Quatre hommes en armure de combat venaient de sauter d’un etage superieur a l’aide de paquetages de levitation personnels. L’armure cameleon polymerisee avait du mal a s’accorder a l’arriere-plan continuellement changeant, et ne reussissait qu’a transformer chaque chuteur en un brillant kaleidoscope de reflets irises. L’un d’eux penetra dans le champ de mon canon miniature afin de me neutraliser tandis que les trois autres s’occupaient de Johnny.

Il s’approcha avec une lame pulsante, style ghetto. Je le laissai erafler mon armure, sachant qu’il atteindrait la chair de l’avant-bras, mais j’avais besoin de cette seconde supplementaire. Il me la donna amplement. Je le liquidai d’un revers de mon gantelet et braquai mon canon sur les trois autres.

Leur armure se rigidifia aussitot. Je me servis du canon pour les repousser comme quelqu’un qui arrose un trottoir encombre de detritus. Seul l’un d’eux reussit a retrouver son equilibre avant que je les fasse basculer derriere la corniche ou ils s’etaient poses.

Johnny etait a terre. Une partie de son armure avait fondu. Je sentis une odeur de chair grillee, mais ne decelai aucune blessure mortelle. Je me baissai pour le soulever.

— Laisse-moi, Brawne. Cours. Prends l’escalier.

La communication ne passait presque plus.

— Va te faire foutre, lui dis-je en passant mon bras gauche autour de lui pour le soutenir tout en laissant au canon la place d’evoluer. Je suis toujours payee pour te servir de garde du corps.

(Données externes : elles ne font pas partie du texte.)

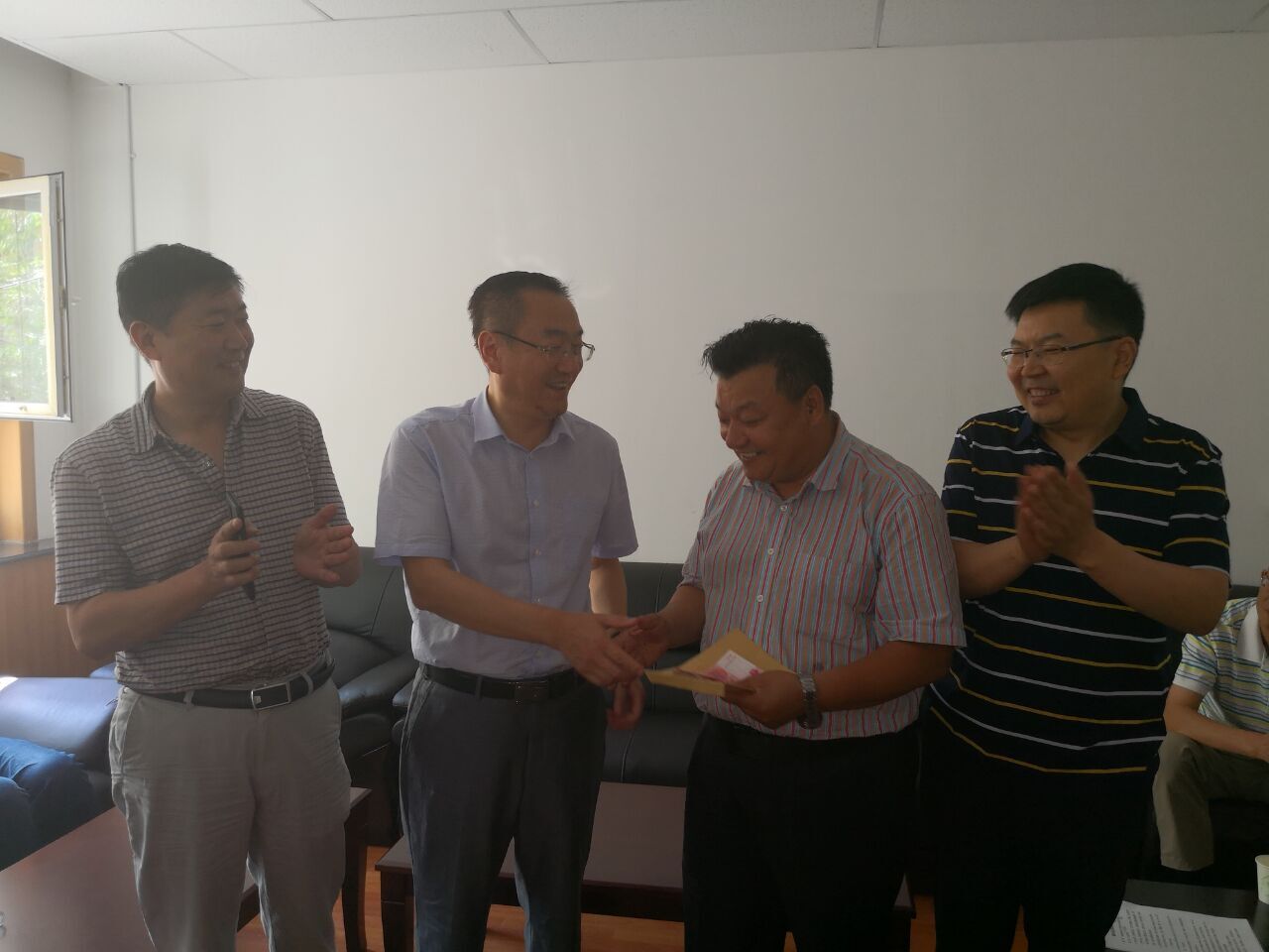 会后,畜牧厅党组成员,院党委书记、副院长冯东河,院党委委员、副院长韩雪松、曹宏斌为在“5.19”克拉玛依东街院区车库安全生产事件中表现突出,受到院党委通报表扬(牧科党发〔2018〕41号文)的畜牧业经济与信息研究所副所长穆合塔尔·买买提发放了奖金3000元,并勉励穆合塔尔·买买提同志继续发挥榜样作用,继续为全院的安全生产工作作出积极贡献。

Ils nous mitraillaient de partout. Des deux facades de la ruche, des verrieres et des galeries marchandes a chaque niveau. Je denombrai au moins vingt cadavres dans les passages pour pietons. La moitie etaient des civils aux costumes voyants. Les servomoteurs de la jambe gauche de mon armure tournaient a vide. La jambe raide, laborieusement, je nous fis gagner encore une dizaine de metres en direction de l’escalier du Temple. Plusieurs pretres gritchteques nous regardaient du haut des marches, apparemment insouciants de la fusillade qui les entourait.

— Attention ! La-haut !

Je pivotai, visai et fis feu en un meme mouvement. Je compris, au bruit qu’il fit apres la premiere giclee, que le canon etait vide, et vis le deuxieme glisseur lacher ses missiles un instant avant de se transformer en un millier de fragments epars de ferraille et de chairs dechirees qui volaient de tous les cotes. Je laissai tomber lourdement Johnny sur la chaussee et me couchai sur lui dans l’espoir d’abriter de mon propre corps sa chair exposee.

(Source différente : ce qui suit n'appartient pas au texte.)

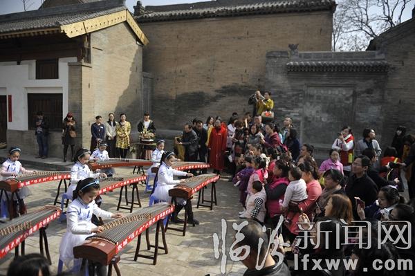 之后是“弦之韻”的少年班帶來的古箏表演,輕柔而典雅的旋律,華麗而委婉的音符,演奏出優美動聽的《茉莉花》和《北京的金山上》,看著孩子們認真彈奏的模樣,一旁帶隊的校長張紅梅激動不已,“沒想到7、8歲的孩子們現場發揮這么好,今天的活動不僅讓孩子們得到了鍛煉,還學習了傳統文化,以后要多多參與這樣的活動。”活動最后是自由品茶時間,茶藝師與游客們也在品茶過程中暢快交流。帶著妻子來游覽丁村的柴志杰說:“很幸運能參與這樣的活動,之前對茶文化不了解,只知道茶要用開水泡,沒想到泡茶還有這么多的程序,今天可是長見識了。”
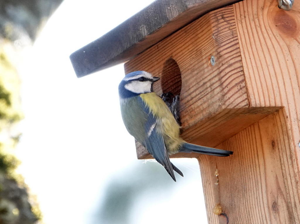 Il avait été loué l’an dernier à un couple de mésanges charbonnières, mais ce sont des mésanges bleues qui ont fait la visite aujourd’hui.
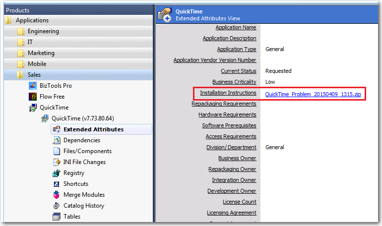 - Review the information in the Additional Details area, which contains a text description of the steps that were taken, along with information that is internal to the repackaged application.
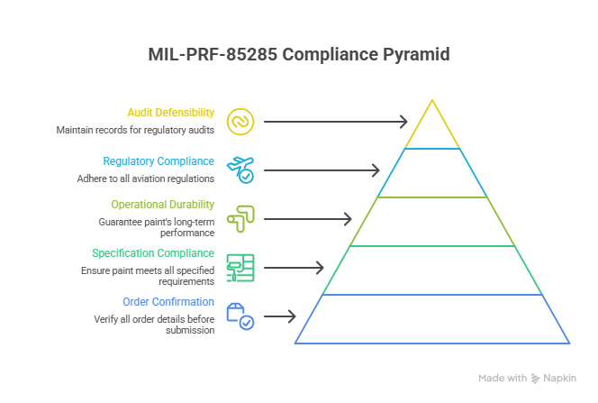 This guide and our entire series break down the specification from the buyer's perspective. If you are a contracting officer, maintenance leader, DLA supply specialist, or a paint facility manager at any level, this article will help you avoid ordering errors, understand the type class and grade differences in top coats, verify QPL eligibility, understand VOC and other environmental compliance, and source and procure MIL-PRF-85285 top coats through appropriate channels.

Les missiles exploserent en meme temps, plusieurs dans l’air et deux au moins apres s’etre enfonces dans le sol. Johnny et moi fumes souleves et projetes dans les airs a une quinzaine de metres au moins au-dessus du passage incline. Ce fut une bonne chose, au demeurant, car la bande de composites et de ferrobeton ou nous nous trouvions l’instant d’avant prit feu, se cloqua, s’affaissa et se detacha pour se fracasser sur la chaussee en flammes en contrebas. Il se forma ainsi un fosse qui nous separait de la plus grande partie des hommes a pied qui en avaient apres nous.

Je me relevai, me debarrassai du mini-canon devenu inutile, extirpai de mon armure quelques echardes plutot genantes et soulevai Johnny dans mes bras. Son casque lui avait ete arrache. Son visage etait mal en point. Le sang coulait a travers une vingtaine de trous de son armure. Son bras droit et son pied gauche etaient en bouillie. Je commencai a gravir avec lui les marches du Temple.

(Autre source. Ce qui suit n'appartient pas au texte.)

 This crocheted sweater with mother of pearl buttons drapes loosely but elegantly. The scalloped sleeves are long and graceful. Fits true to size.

Des sirenes retentissaient de toutes parts. Des glisseurs de la police tournaient dans tout l’espace aerien de l’avenue marchande. Les goondas postes dans les galeries hautes et aux extremites du passage effondre coururent se mettre a couvert. Deux des commandos qui etaient descendus avec leurs paquetages de levitation se lancerent a ma poursuite sur les marches. Je ne me retournai pas. Il fallait que je souleve ma jambe raide et inutile a chaque marche. Je savais que j’avais une brulure serieuse dans le dos et au cote, et des eclats loges un peu partout.